PDA

View Full Version : Eye exercises



TimOR
07-22-2005, 08:00 AM
Hi Tribe,
About a year ago I had both my daughters eyes checked. Tara my oldest was fine but Dana had a slight difference in vision between eyes.
About two weeks ago Dana started saying that she needed to go to the eye doctor. My wife took her there today and when tested she was found to have an immense difference between both eyes. one could read the top line of the chart, the other eye could only read the bottom.
I heard someone quite a while ago( didn't pay attention then due to my own vision being ok) talking about eye exercises to keep your eyes healthy and prevent deterioration.
Has anyone here used any of these techniques and had positive results ?
Can anyone suggest a reliable/proven source ?
I may just be in shock and grasping at straws.
Thanks,

vyapada
07-22-2005, 11:03 PM
Check out this article by Coach Sonnon, I haven't tested eye performance results, but I can feel changes in my mood from doing eye exercises - releasing tension etc.

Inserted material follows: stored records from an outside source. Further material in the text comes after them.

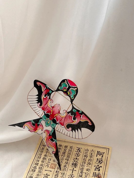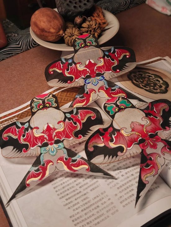 好物介绍:该微型硬翅风筝采用传统沙燕架型,使用南竹扎架、丝绸绘制的方法进行制作。图案为原创设计的“蝙蝠衔飘带纹样”,怀中一蝠聚福心,四蝠展翼守四方,取“五福捧寿”的吉祥之意。飘带既成视觉纽带,寓示福运随鸢升空,圆满天成。风筝尺寸(15*15cm)十分适合亲朋馈赠、家具装饰、美学陈设之用。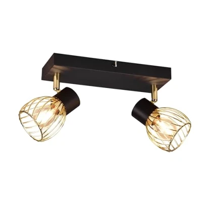 Ardon spot bar 2 flames in matt black metal with golden metal shade Light fixture without bulb. Recommended bulb 2x E14 max. 10 Watt Spotlights can be rotated and rotated so that the fixture can be used in different ways Kein Leuchtmittel im Lieferumfang enthalten
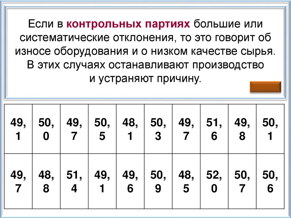 Если в контрольных партиях большие илисистематические отклонения, то это говорит об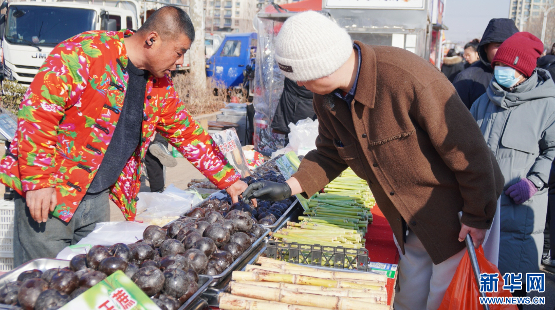 1月12日,在山东临沭曹洼大集,一名摊主正热心招呼顾客。新华网发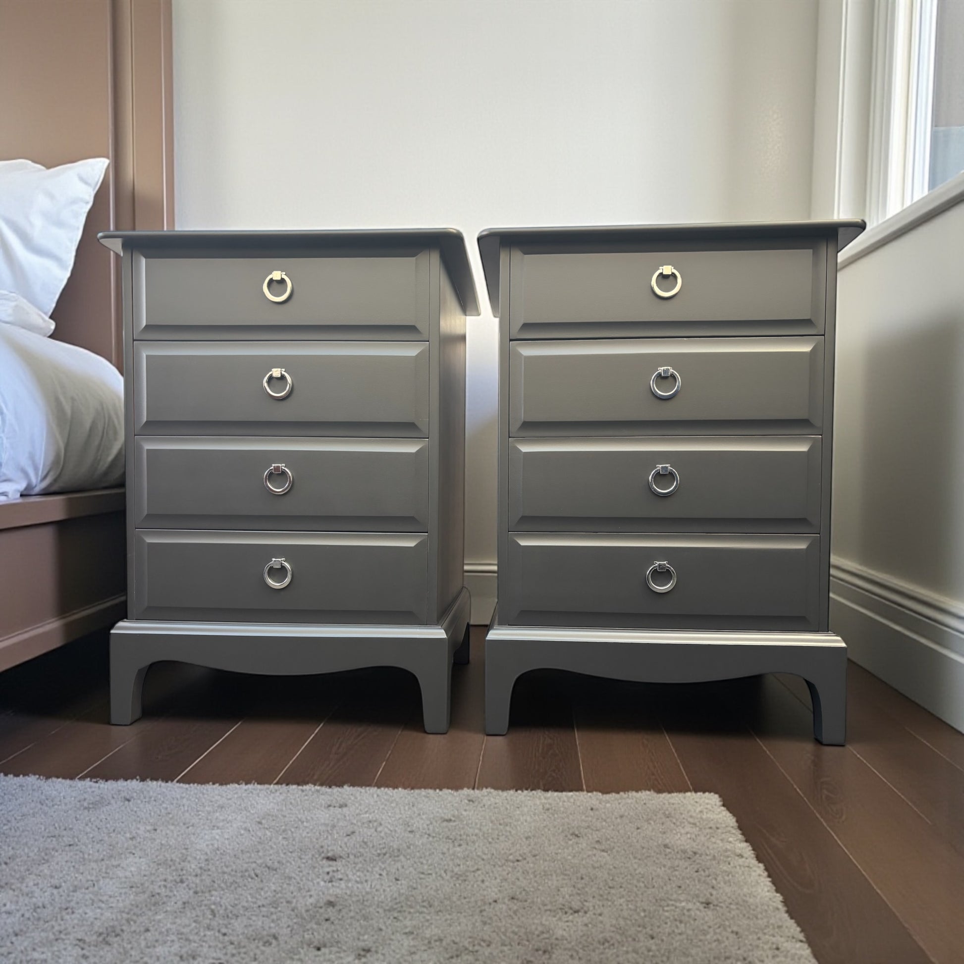 Vintage 1970s/1980s Newly refurbished Stag Minstrel pair of 4 drawer bedside drawers available for refinishing in your choice of colour. Matching furniture also available.

http://www.circularstrengthmag.com/35/sonnon5.html

TimOR
07-23-2005, 04:31 AM
Thanks Chris,
Thats excellent, just the sort of material I'm after.

s a fossett
07-23-2005, 10:09 AM
you can also google the bates method.

Jay76
07-25-2005, 05:41 PM
The bates method is good. Nutrition is good too. Plenty of Fat and Vitman A from Meat, ex. egg yolks. Beta Cartone from Carrots, make sure to eat Veg, carrots with plenty of Butter is important. Supplments= Cod liver oil. Eat plenty of tomotes, blueberries, butter ( www.grasslandbeef.com) Free range organic eggs are important.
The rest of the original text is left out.